La zone Hi-Merimã est préservée des grosses exploitations agricoles intensives ou extractives, mais elle reste vulnérable aux sècheresses accrues par le réchauffement climatique. Le peuple se remet des persécutions passées et prospère, mais la menace de contacts extérieurs et d’une contamination virale pèse encore sur son quotidien. Un scénario qu’Atxu Marima connait bien.
«Je suis le seul survivant de ce contact»
Le lendemain de la rencontre publique, dans les petits locaux de l’ONG Survival International, il revient, ému, sur la séparation forcée avec son peuple. Quand il avait 7 ans, son père s’est fait attaquer par un jaguar et a été gravement blessé à la tête. Seule avec ses enfants, la mère d’Atxu Marima a décidé d’entrer en contact avec des riverain·es non autochtones et presque toute sa famille a été contaminée par la grippe. Faute de défenses immunitaires, elles et ils en sont mort·es.
«Au moment où j’ai perdu ma famille, j’ai perdu contact avec mon peuple. Ce sont des souvenirs très marquants», confie-t-il. Dans le petit salon, le chauffage a été poussé à fond pour oublier le froid de l’automne précoce, qui contraste avec le climat sud-amazonien. Au fil de son récit, sa voix se fait plus basse. Il a été élevé par une famille d’un village non autochtone pendant le reste de son enfance. On lui a interdit de parler sa langue «moche», selon les termes de ses frères adoptifs. Il lui était aussi interdit de chanter les airs que lui avaient appris ses parents. «Ma famile adoptive m’a dit : “Tu ne peux plus être indien, maintenant tu es civilisé.” J’avais peur d’eux», murmure Atxu Marima. Il a alors appris le portugais et on l’a forcé à travailler dans des plantations de bois de rose jusqu’à ses 15 ans.
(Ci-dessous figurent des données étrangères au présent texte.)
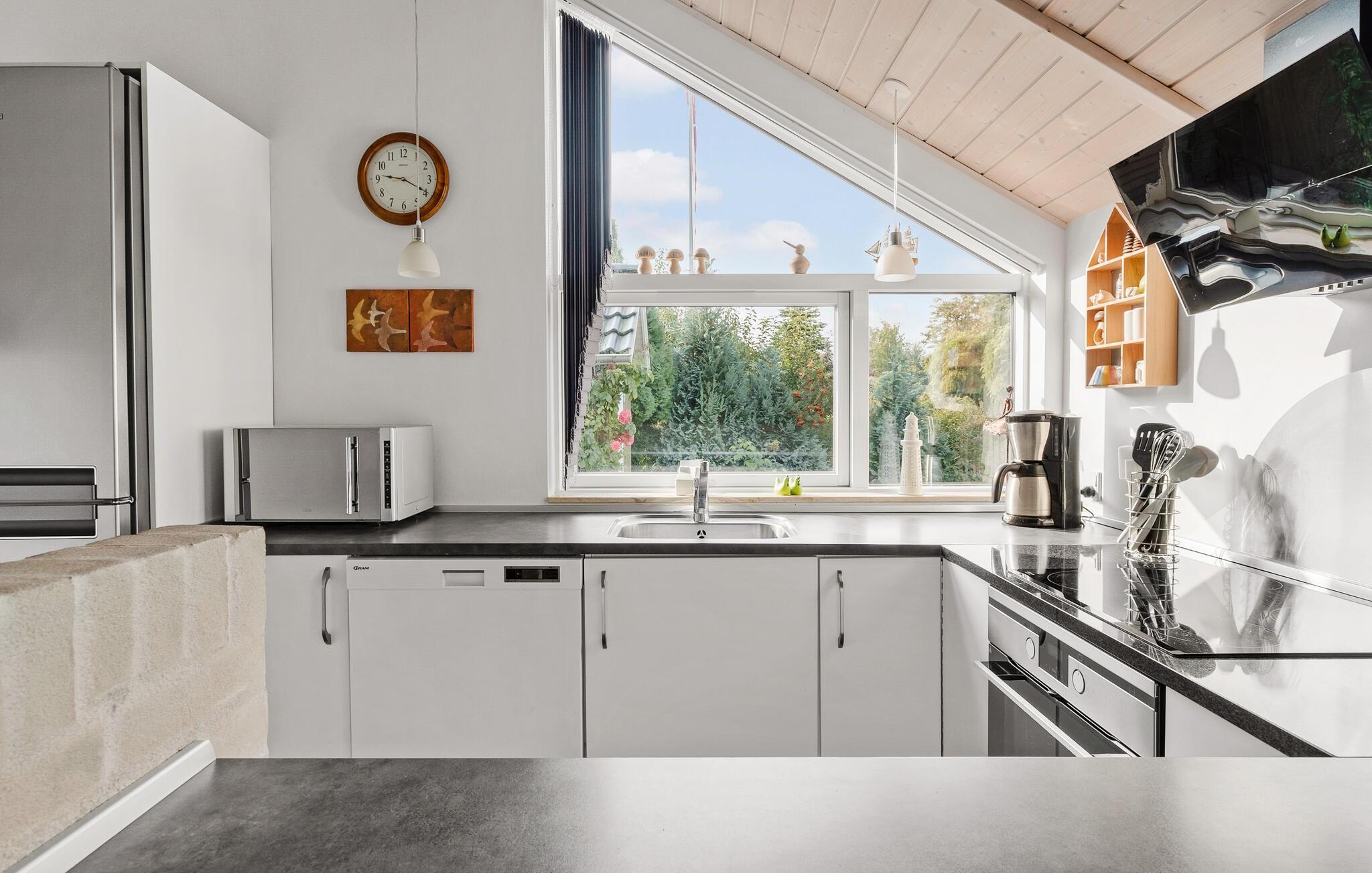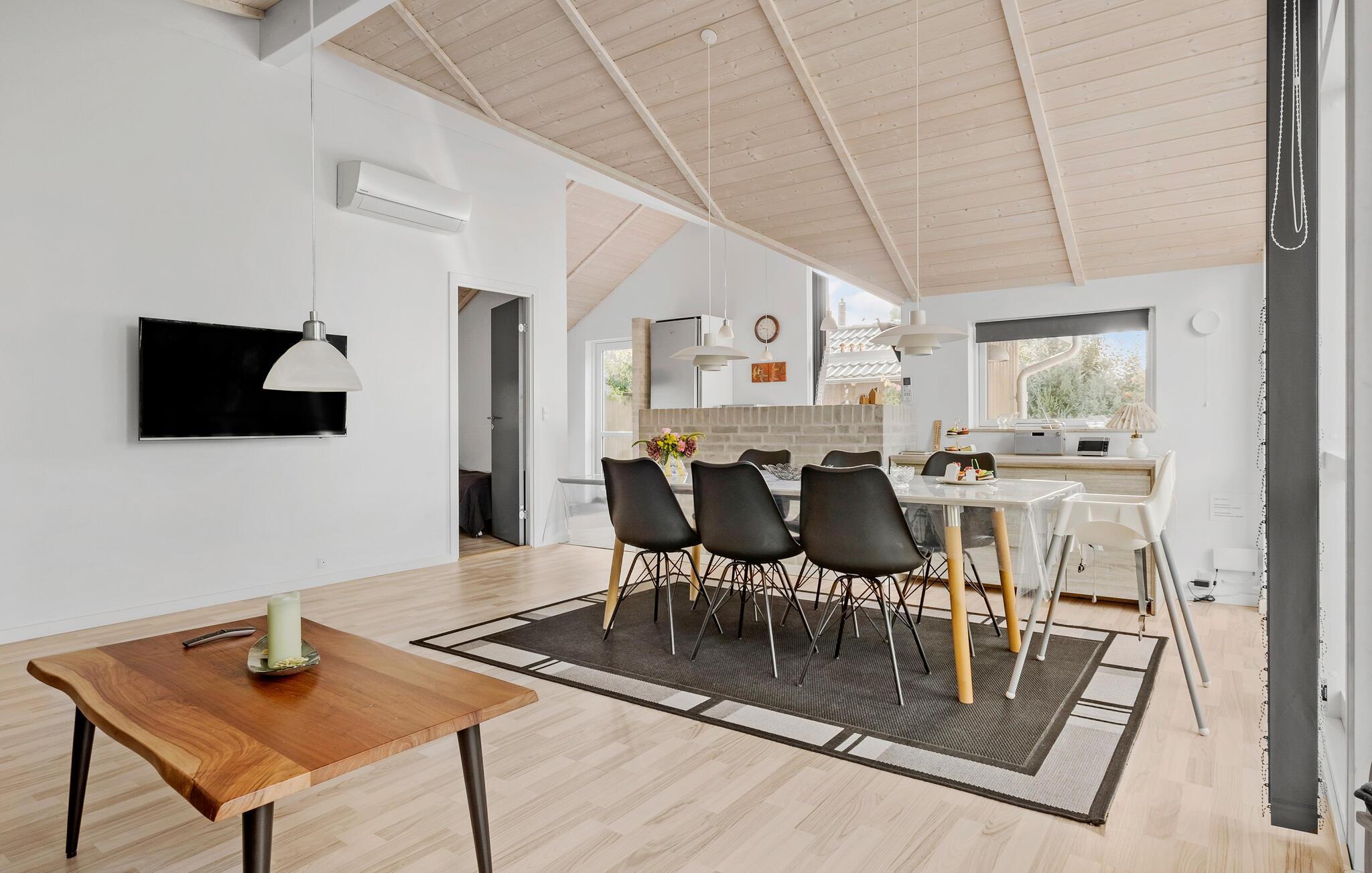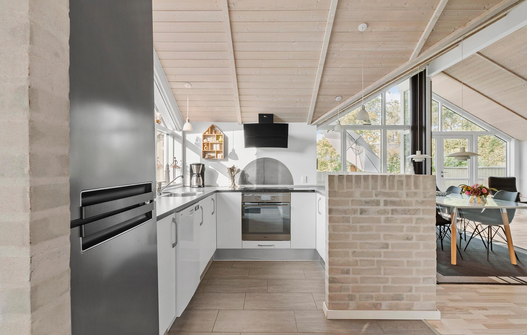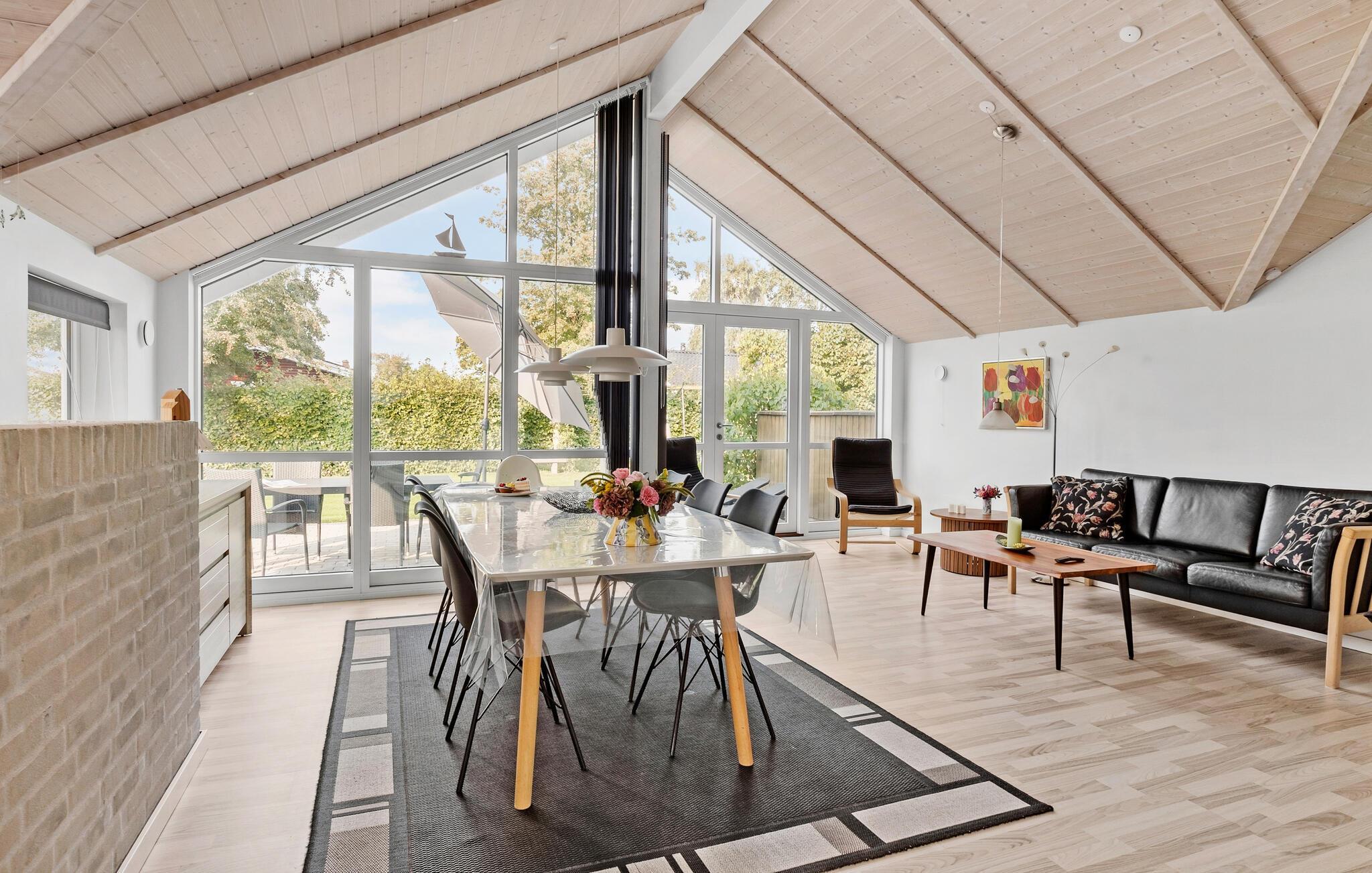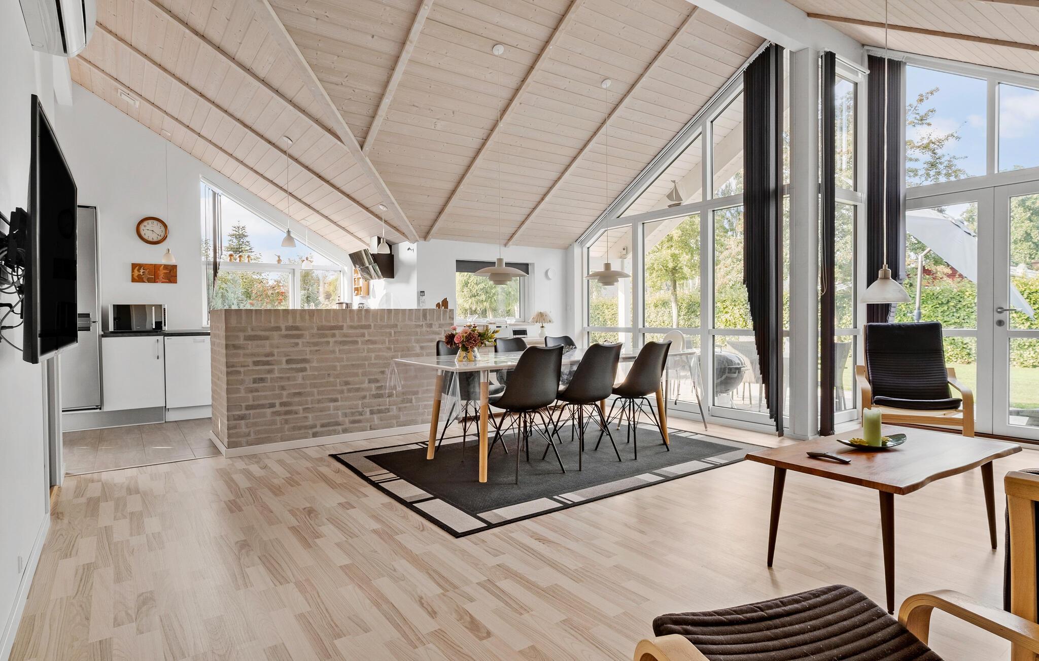 Velkommen til denne flot anlagte grund, som er meget tæt på Skovmose Strand. Her ligger dette hyggelige hus, hvor I kan tilbringe nogle herlige feriedage. Boligen er lys og åben med et fantastisk lysindfald fra den store vinduesvæg ud mod terrassen og haven. Nyd dagens måltider med den behagelige udsigt fra spisebordet og hyg jer med brætspil, når I vender hjem fra jeres eventyr.

Plus tard, il s’est installé à Manaus, une ville du nord de l’Amazonie. Au bout de 30 ans, il a découvert que l’un de ses frères avait survécu au contact avec l’extérieur. Finalement, il a tout juste eu le temps de le voir avant qu’il ne décède d’une maladie. «Maintenant, je suis le seul survivant de ce contact, c’est pour ça que je veux parler de l’importance de respecter à tout prix la volonté d’isolement de mon peuple et des autres peuples non contactés», affirme Atxu Marima.
Malgré son passé douloureux, il prend plaisir à replonger dans ses souvenirs d’enfance. Il décrit les jeux, les courses dans la forêt, les noms des fruits et les bêtises qu’il faisait, gamin, au risque d’être puni. «C’est toujours une leçon d’être à ses côtés et de voir qu’il est possible de garder la joie», témoigne Karen Shiratori.
Depuis quelques années, Atxu Marima tente de retrouver «sa langue-culture» à l’aide de ses souvenirs. Il regrette d’avoir oublié les noms de nombreux arbres de la forêt dans sa langue maternelle. Il se souvient de tous ceux des animaux grâce aux chants de son enfance qui lui restent en mémoire. À Paris, il est venu avec une épine du palmier tucuma afin de partager un élément central de sa culture. Cet arbre prodiguait des fruits en quantité et il prélevait ses tiges noires et longues, les emboitait les unes dans les autres pour fabriquer une flèche et pêcher de petits poissons.
Aujourd’hui, il reproduit encore ce geste et, à distance de son peuple, continue de tisser le lien avec son identité.